Shenzhen 3D Printer Farm Runs 5,000 Machines, Plans 10,000 Expansion
A Shenzhen workshop is running about 5,000 desktop FFF printers and says it will double to 10,000 after the Spring Festival, fulfilling orders like 40,000 holiday ornaments in a week.

A Shenzhen print farm operating roughly 5,000 desktop FFF printers is reported to be expanding to about 10,000 machines after the Spring Festival, with staff claiming rapid fulfilment of high-volume seasonal orders. Local reporting and compiled social-media footage describe technicians working rows of printers to produce festive horse ornaments, zodiac decorations and personalized Chinese New Year gifts.
Technician Yang Shengwu is named in on-site descriptions as a hands-on operator who "after carefully wiping down a build plate and loading fresh filament spools, pressed start" as nozzles "melted red material into fine threads that slowly built up, layer by layer, before yielding festive horse ornaments." Yang’s personal timeline is repeated across reports: he and colleagues managed 500 machines when he started, two years later that grew to 5,000, and "after this year's Spring Festival holiday, the workshop's printer count is set to expand to 10,000."
The facility's corporate identity is inconsistent in coverage. Several pieces identify Shenzhen Huafast Industry Co., Ltd., located in Longhua district, as the operator. Other compiled reports list Shenzhen Jinshi Huasu Technology Co., Ltd., in Guangming district and say Bambu Lab printers were visible in footage. One compiler summed up the mismatch bluntly: "The only question that remains is exactly which company it is and whether there is more than one." No registered business documents or on-the-record corporate confirmations are included in the available reporting to resolve the discrepancy.
Company head Li Jian is quoted describing the business model that drives the scale: "Products can go from design to market almost instantly. There's no need for expensive, time-consuming molds." Li also notes product capabilities: "Complex fidget toys with moving parts can be printed in one piece, with no assembly required." Reports also cite a high-volume order that was reportedly completed in a single week - an order for 40,000 desktop decorative figurines featuring a horse and the Chinese character "fu."
Equipment inventories are described at a technology level rather than by exhaustive model lists. One summary notes "five thousand FFF printers are working today, continuously turning filament into finished products." Another compilation specifically mentions Bambu Lab machines in footage, but no facility-supplied inventory or serialized equipment list has appeared in the reporting.

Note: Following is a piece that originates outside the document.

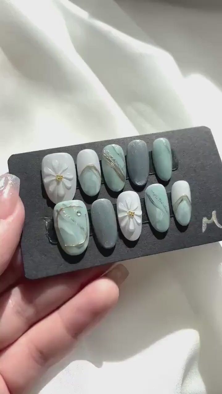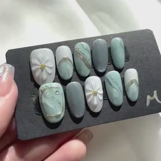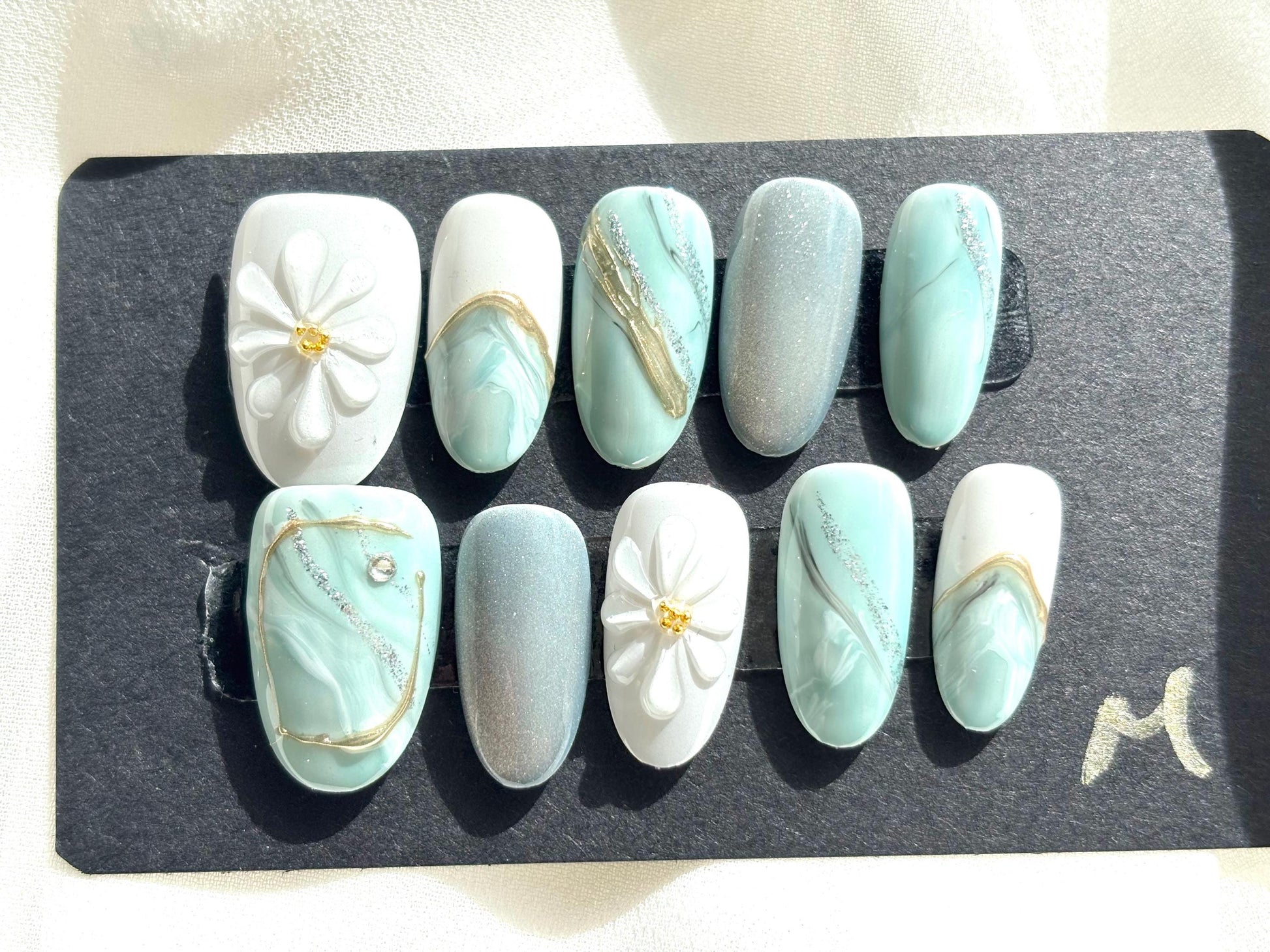 Daisy Bloom Mint Marble Press-On Nail ( S, M available )

Analysts running simple throughput examples point to the farm's potential output: using a sample scenario of four parts per full plate per three-hour job, a 5,000-printer farm could produce roughly 160,000 parts in a single day, a scale one commentator called "one of the largest, if not the largest, print farm I’ve ever heard of."

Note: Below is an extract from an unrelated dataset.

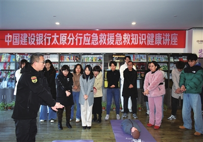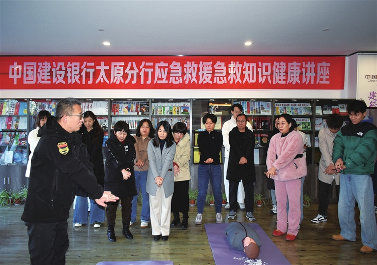 “心脏骤停,黄金抢救时间为4分钟”……近日,建设银行太原分行举办应急救援急救知识健康讲座,邀请中国医学救援协会科普分会委员单位的专业高级讲师,为全行30余名员工现场授课。 培训内容包括心肺复苏、海姆立克、简易创伤包扎等应急救助知识,旨在增加员工的急救知识、提升自救互救能力。参加讲座的员工将成为“应急救援员”,以便遇到突发情况时能够迅速作出反应,正确施救,为自己和他人的生命安全增添保障。

Industry context underlines the growth: a cited National Bureau of Statistics figure put China's 2025 production of 3D printing equipment up by more than fifty percent year over year, and Shenzhen remains home to major desktop manufacturers such as Bambu Lab, Creality, Elegoo and Anycubic. Key verification steps remain - confirming the operator's registered name and address, securing an equipment inventory, and obtaining order documentation for the 40,000-piece run - but the reported move to 10,000 printers signals a rapid push toward print farm scale economics in Shenzhen's desktop 3D-printing cluster.